> **Activity**:
An exact retyping of all lines below is the answer; pictures do not belong in it.

> **Supplied information**:
▶

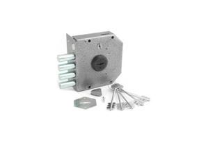 Накладной замок Class КЛАСС - GSS-031 (б/т/о) 19224 с 4 цилиндрическими ригелями и задвижкой. В комплекте 5 ключей. Способ запирания изнутри - ручкой. Плоскосувальдный замок, с двумя внутренними тягами и задвижкой 4-х ригельный засов, ригель Ф18мм, вылет засова 40мм за 4 оборота ключа, задвижка Ф18мм 4 454,00 ₽ / шт
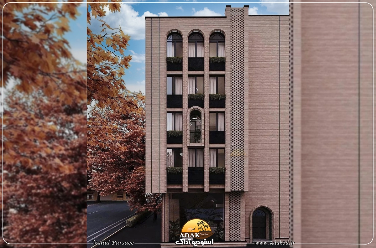طراحی سه‌بعدی برای ساختمان سنتی با آجر و پنجره‌های قوس‌دار و شکسته، ترکیبی از هنر و معماری است که زیبایی اصیل را به تصویر می‌کشد. استفاده از آجرهای قرمز با الگوهای گره‌چینی، علاوه بر زیبایی، استحکام و دوام بنا را نیز تضمین می‌کند.
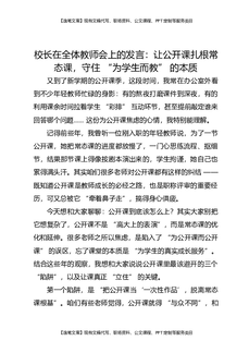 校长在全体教师会上的发言:让公开课扎根常态课,守住“为学生而教”的本质.docx
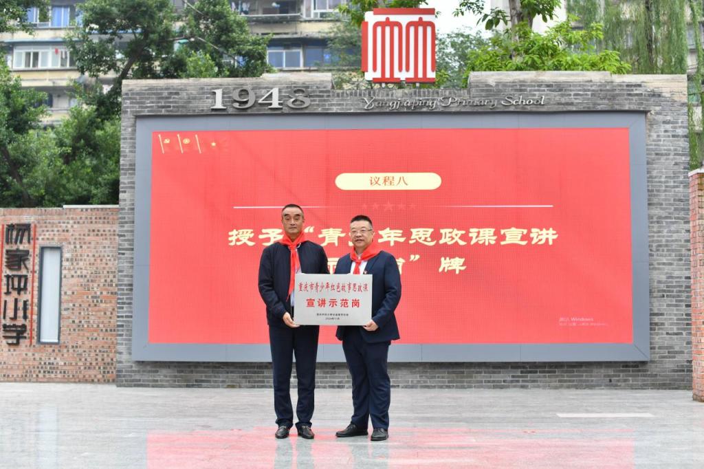 为表彰在思政课宣讲中表现突出的学生,活动举行了授旗仪式,向学生代表授予了“青少年思政课小宣讲员”旗帜,并赠送了红岩故事书籍。同时,还向杨家坪小学授牌“青少年思政课宣讲示范岗”。

◀

> **Task answer**:
 Накладной замок Class КЛАСС - GSS-031 (б/т/о) 19224 с 4 цилиндрическими ригелями и задвижкой. В комплекте 5 ключей. Способ запирания изнутри - ручкой. Плоскосувальдный замок, с двумя внутренними тягами и задвижкой 4-х ригельный засов, ригель Ф18мм, вылет засова 40мм за 4 оборота ключа, задвижка Ф18мм 4 454,00 ₽ / шт
طراحی سه‌بعدی برای ساختمان سنتی با آجر و پنجره‌های قوس‌دار و شکسته، ترکیبی از هنر و معماری است که زیبایی اصیل را به تصویر می‌کشد. استفاده از آجرهای قرمز با الگوهای گره‌چینی، علاوه بر زیبایی، استحکام و دوام بنا را نیز تضمین می‌کند.
 校长在全体教师会上的发言:让公开课扎根常态课,守住“为学生而教”的本质.docx
 为表彰在思政课宣讲中表现突出的学生,活动举行了授旗仪式,向学生代表授予了“青少年思政课小宣讲员”旗帜,并赠送了红岩故事书籍。同时,还向杨家坪小学授牌“青少年思政课宣讲示范岗”。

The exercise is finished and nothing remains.